木構造の終端ノードとなる部分(葉)がちょうどHTTPメソッドになる。

木構造とは別にHTTPメソッドのリストを用意しておく。 Golangだとnet/httpに最初から定義されていて楽ですね。今回はPHPでやりますが・・

$methods = [
    'GET',
    'POST',
    // more...
];

実装

インプットして与えられる現在のURL(パス)を木構造の探索の際に使いやすいように配列に加工する関数とその配列とルート定義の配列を引数としてマッチングしたパスのデータを返す関数の2つを実装する。 なお今回はクエリパラーメータは特に考慮していない。

実装方針として、他の言語への移植性を考慮し、ビルトイン関数の使用を極力避けて実装する。

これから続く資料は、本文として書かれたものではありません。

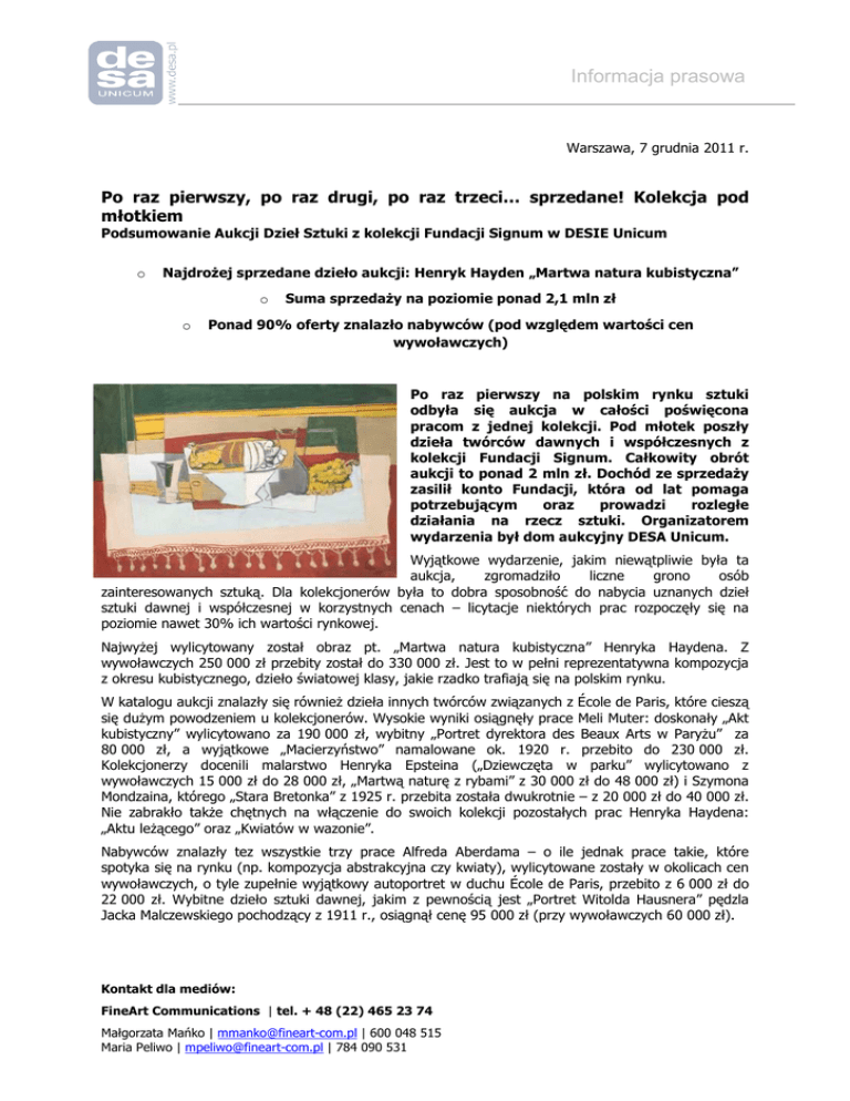 Informacja prasowa Warszawa, 7 grudnia 2011 r. Po raz pierwszy, po raz drugi, po raz trzeci… sprzedane! Kolekcja pod młotkiem Podsumowanie Aukcji Dzieł Sztuki z kolekcji Fundacji Signum w DESIE Unicum o Najdrożej sprzedane dzieło aukcji: Henryk Hayden „Martwa natura kubistyczna” o o Suma sprzedaży na poziomie ponad 2,1 mln zł Ponad 90% oferty znalazło nabywców (pod względem wartości cen wywoławczych) Po raz pierwszy na polskim rynku sztuki odbyła się aukcja w całości poświęcona pracom z jednej kolekcji. Pod młotek poszły dzieła twórców dawnych i współczesnych z kolekcji Fundacji Signum. Całkowity obrót aukcji to ponad 2 mln zł. Dochód ze sprzedaży zasilił konto Fundacji, która od lat pomaga potrzebującym oraz prowadzi rozległe działania na rzecz sztuki. Organizatorem wydarzenia był dom aukcyjny DESA Unicum. Wyjątkowe wydarzenie, jakim niewątpliwie była ta aukcja, zgromadziło liczne grono osób zainteresowanych sztuką. Dla kolekcjonerów była to dobra sposobność do nabycia uznanych dzieł sztuki dawnej i współczesnej w korzystnych cenach – licytacje niektórych prac rozpoczęły się na poziomie nawet 30% ich wartości rynkowej. Najwyżej wylicytowany został obraz pt. „Martwa natura kubistyczna” Henryka Haydena. Z wywoławczych 250 000 zł przebity został do 330 000 zł. Jest to w pełni reprezentatywna kompozycja z okresu kubistycznego, dzieło światowej klasy, jakie rzadko trafiają się na polskim rynku. W katalogu aukcji znalazły się również dzieła innych twórców związanych z École de Paris, które cieszą się dużym powodzeniem u kolekcjonerów. Wysokie wyniki osiągnęły prace Meli Muter: doskonały „Akt kubistyczny” wylicytowano za 190 000 zł, wybitny „Portret dyrektora des Beaux Arts w Paryżu” za 80 000 zł, a wyjątkowe „Macierzyństwo” namalowane ok. 1920 r. przebito do 230 000 zł. Kolekcjonerzy docenili malarstwo Henryka Epsteina („Dziewczęta w parku” wylicytowano z wywoławczych 15 000 zł do 28 000 zł, „Martwą naturę z rybami” z 30 000 zł do 48 000 zł) i Szymona Mondzaina, którego „Stara Bretonka” z 1925 r. przebita została dwukrotnie – z 20 000 zł do 40 000 zł. Nie zabrakło także chętnych na włączenie do swoich kolekcji pozostałych prac Henryka Haydena: „Aktu leżącego” oraz „Kwiatów w wazonie”. Nabywców znalazły tez wszystkie trzy prace Alfreda Aberdama – o ile jednak prace takie, które spotyka się na rynku (np. kompozycja abstrakcyjna czy kwiaty), wylicytowane zostały w okolicach cen wywoławczych, o tyle zupełnie wyjątkowy autoportret w duchu École de Paris, przebito z 6 000 zł do 22 000 zł. Wybitne dzieło sztuki dawnej, jakim z pewnością jest „Portret Witolda Hausnera” pędzla Jacka Malczewskiego pochodzący z 1911 r., osiągnął cenę 95 000 zł (przy wywoławczych 60 000 zł). Kontakt dla mediów: FineArt Communications | tel. + 48 (22) 465 23 74 Małgorzata Mańko | [email protected] | 600 048 515 Maria Peliwo | [email protected] | 784 090 531 Informacja prasowa Dużym powodzeniem cieszyły się dzieła klasyków polskiej awangardy, czego przykładem są prace Zbigniewa Dłubaka („Antropolity-11”, cena wylicytowana: 36 000 zł), Henryka Stażewskiego („Relief nr 12”, cena wylicytowana: 40 000 zł) oraz Jana Tarasina, którego „Próba animacji” osiągnęła cenę 105 000 zł pod młotkiem. Uznanie kupujących zdobyły także dzieła artystów, których życie związane jest z Poznaniem. Wśród nich znalazły się m.in. prace Andrzeja Matuszewskiego, jak dwie unikatowe rzeźby ceramiczne z lat 70. XX wieku, które z wywoławczych 900 zł przebite zostały do 2 200 i do 2 800 zł. Na aukcji znalazły się także prace profesorów krakowskiej ASP. Do nowych zbiorów trafiły obrazy Stanisława Rodzińskiego oraz Zbigniewa Sprychy. Jeśli chodzi o klasykę środowiska łódzkiego, wysoko wylicytowana została studencka praca Stanisława Fijałkowskiego z 1948 r., którą przebito z wywoławczych 30 000 do 46 000 zł. Za 2 200 zł zakupiona została praca Pawła Jarodzkiego, twórcy legendarnej wrocławskiej grupy „Luksus”, co należy uznać za cenę szalenie atrakcyjną. Wziąwszy pod uwagę, że praca była wystawiana w Narodowej Galerii Sztuki „Zachęta”, można stwierdzić, że kupujący dobrze zainwestował środki. Aby zapewnić licznym zgromadzonym komfortowe warunki, dom aukcyjny zastosował nowoczesną metodę transmisji, dzięki której można było dokonywać licytacji z różnych poziomów budynku DESY Unicum. Kolejne aukcje w DESIE Unicum: o 8 grudnia, g. 19: I Aukcja Biżuterii o 15 grudnia, g. 19: Aukcja Sztuki Współczesnej oraz Aukcja Dzieł Sztuki o 20 grudnia, g. 19: Aukcja Młodej Sztuki Ilustracje w tekście: Henryk Hayden „Martwa natura kubistyczna”, 1921 r. Juliusz Windorbski, prezes zarządu DESY Unicum prowadzi licytację dzieł sztuki z kolekcji Fundacji Signum Kontakt dla mediów: FineArt Communications | tel. + 48 (22) 465 23 74 Małgorzata Mańko | [email protected] | 600 048 515 Maria Peliwo | [email protected] | 784 090 531 Informacja prasowa Wyniki Aukcji Dzieł Sztuki z kolekcji Fundacji Signum, 1 grudnia 2011 r. Autor Natan Spiegiel Wojciech Weiss Tytuł Cena wywoławcza Cena wylicytowana Cena wylicytowana (z opłatą aukcyjną) Pozycja w katalogu Kazimierz w Krakowie 10 000 22 000 25 300 1 16 000 18 400 2 Pejzaż, ok. 1920 - 30 15 000 Jankiel Adler Martwa natura z homarami, ok. 1930 r. 50 000 68 000 78 200 3 Zygmunt Landau Śpiąca 7 000 26 000 29 900 4 8 000 8 000 9 200 5 100 000 230 000 264 500 6 3 000 3 400 3 910 7 60 000 95 000 109 250 9 Dawid Jecheskiel Kirszenbaum Mela Muter Martwa natura z owocami Macierzyństwo, ok. 1920 r. Aleksander Gryglewski "Kościół oo Bernardynów w Przeworsku" Jacek Malczewski Portret Witolda Hausnera, 1911 r. Kazimierz Stabrowski Drzewa 5 000 5 500 6 325 10 6 500 7 475 11 Kazimierz Stabrowski Capri - Lazurowa Grota 6 000 Autor nierozpo

function createCurrentPathArray($routes) {
    $currentPath = '/users/1'; // 現在のパス

    $currentPathLength = strlen($currentPath);

    $currentPathArray = [];

    for ($i=0; $i < $currentPathLength; $i++) {
        if ($currentPathLength == 1) {
            $currentPathArray[] = '/';
        } else {
            if ($currentPath{$i} == '/') {
                $currentPathArray[] = '/';
                $target = count($currentPathArray) - 1;
            } else {
                $currentPathArray[$target] .= $currentPath{$i};
            }
        }
    }

    return $currentPathArray;
}

// 探索 
// ルート定義と検索対象であるルートの配列を比較して該当するデータを返す。
// リーフに到達したら探索終了
function urlMatch($routes, $currentPathArray) {
    // TODO 実装中・・・
}

$currentPathArray = createCurrentPathArray($routes);
$result = urlMatch($routes, $currentPathArray);

var_dump($result); // マッチしたパスのデータが返るはず・・・

実装途中というわけでエピソード1はこれにて終幕。 

所感

最初からパトリシア木とかなんとか木とかからやろうとすると大やけどする。 参考になりそうな実装も色々見てみたが、一つ一つを理解するのは中々ハードなので、まずはアルゴリズムのイメージを掴むことと考えながら手を動かすことから始めてみたが、数学的素養が乏しいと辛いところはある。 実装途中ではあるが、割とゴールが見えるような気がしないでもない。 が、こんな感じで実運用に使えそうなベースまで持っていけるか自信はない。

追記

Makuake LT Party(社内LT大会)にてLTをした。